Gains or losses on these instruments substantially offset losses or gains on the
assets, liabilities and transactions being hedged. Management does not foresee
nor expect any significant changes in foreign currency exposure in the near
future.
The fair value of the Company's fixed-rate long-term debt is sensitive to
interest rate changes. Interest rate changes would result in gains (losses) in
the market value of this debt due to differences between market interest rates
and rates at the inception of the debt obligation. In order to manage the
exposure to interest rate changes, the Company entered into an interest-rate
swap to reduce the amount of fixed-rate debt exposed to interest rate movements.
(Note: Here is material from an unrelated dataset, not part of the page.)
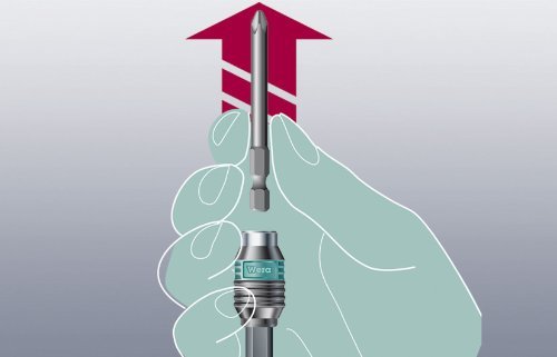 Wera 889/4/1 K Rapidaptor Universal Bit Holder is designed for rapid bit changes. Rapidaptor allows for quick one-handed bit change for both insert and power bits. Bits are easily inserted with press-in and self locking mechanism that holds bit securely and wobble free. Free-spinning outer sleeve stabilizes tool during screwdriving process, easily applying tool to screw to prevent slipping. Fits all 1/4” DIN 3126-C 6.3 and E 6.3 bits. Rapidaptor dimensions: 1/4” hex drive, 2-inch length. Wera ? The Best Tools For The Job!

The Company also uses an interest rate swap to manage its yen-denominated
floating-rate long-term debt in order to reduce the impact of interest rate
changes on earnings and cash flows.
Management neither foresees nor expects significant changes in exposure to
interest rate fluctuations, nor in market risk-management practices.
Seasonality
- -----------
As a jeweler and specialty retailer, the Company's business is seasonal in
nature, with the fourth quarter typically representing a proportionally greater
percentage of annual sales, earnings from operations and cash flow. Management
expects such seasonality to continue.
Risk Factors
- ------------
This document contains certain "forward-looking statements" concerning the
Company's objectives and expectations with respect to store openings, retail
prices, gross profit, expenses, inventory performance, capital expenditures and
cash flow. In addition, management makes other forward-looking statements from
time to time concerning objectives and expectations. As a jeweler and specialty
retailer, the Company's success in achieving its objectives and expectations is
partially dependent upon economic conditions, competitive developments and
consumer attitudes. However, certain assumptions are specific to the Company
and/or the markets in which it operates. The following assumptions, among
others, are "risk factors" which could affect the likelihood that the Company
will achieve the objectives and expectations communicated by management: (i)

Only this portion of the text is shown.